Decoding ML Deployment Best Practices
Build a maintainable and affordable platform for your Models from scratch? Here’s 5 tips to start off on the right foot.
1) Use Containers & Container Orchestration:
Use Docker & Kubernetes for scaling and managing the infrastructure for running multiple models.
This provides efficiencies as it helps in creating a central place for managing and organizing the hardware, and allows for the same hardware to be used for multiple models.
2) Use Job Queueing:
Job queueing is a system used to ensure that data processing is done in an orderly manner no matter how many GPUs are available at any given time.
It is important to note that GPUs can only run one model at a time, so models must be shut down once they are finished for the next one to run.

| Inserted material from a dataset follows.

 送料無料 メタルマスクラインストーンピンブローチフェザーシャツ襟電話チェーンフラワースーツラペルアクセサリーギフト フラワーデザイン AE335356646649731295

3) Use Event-based Architecture:
An event-based architecture allows for asynchronous execution of events and activities to reduce the amount of idle time for GPUs, making them available for inference jobs as soon as new data becomes available.
With this architecture, you can define multiple GPU nodes within a container orchestrator such as Kubernetes, and select the smallest piece of hardware that your model can run on to right-size the hardware for the job.

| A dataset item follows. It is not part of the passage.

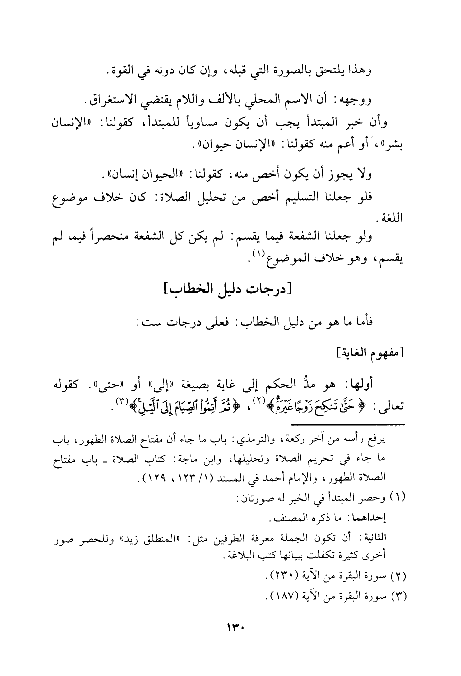 أولها: هو مد الحكم إلى غاية بصيغة "إلى" أو "حتى". كقوله تعالى: {حَتَّى تَنْكِحَ زَوْجًا غَيْرَهُ} 2، {ثُمَّ أَتِمُّوا الصِّيَامَ إِلَى اللَّيْلِ} 3.

4) Batch Process with a Single Model:
A single model is hosted in the cloud on a GPU or CPU for processing a batch of data.
Batch data can be submitted to the model service for processing, and the GPU can then be manually shut down to save costs.
To maximize efficiency, the model should be packed with data to ensure the highest GPU utilization.
5) Process real-time data with a Single Model:
Real-time or streaming data processing requires a sufficient amount of GPU hardware to be running 24/7 in order to ensure quick results.
To save costs, a solution should be designed that can scale up and down according to peaks and troughs of activity.
It may not be as cost-effective as batch processing, but it can still result in cost savings.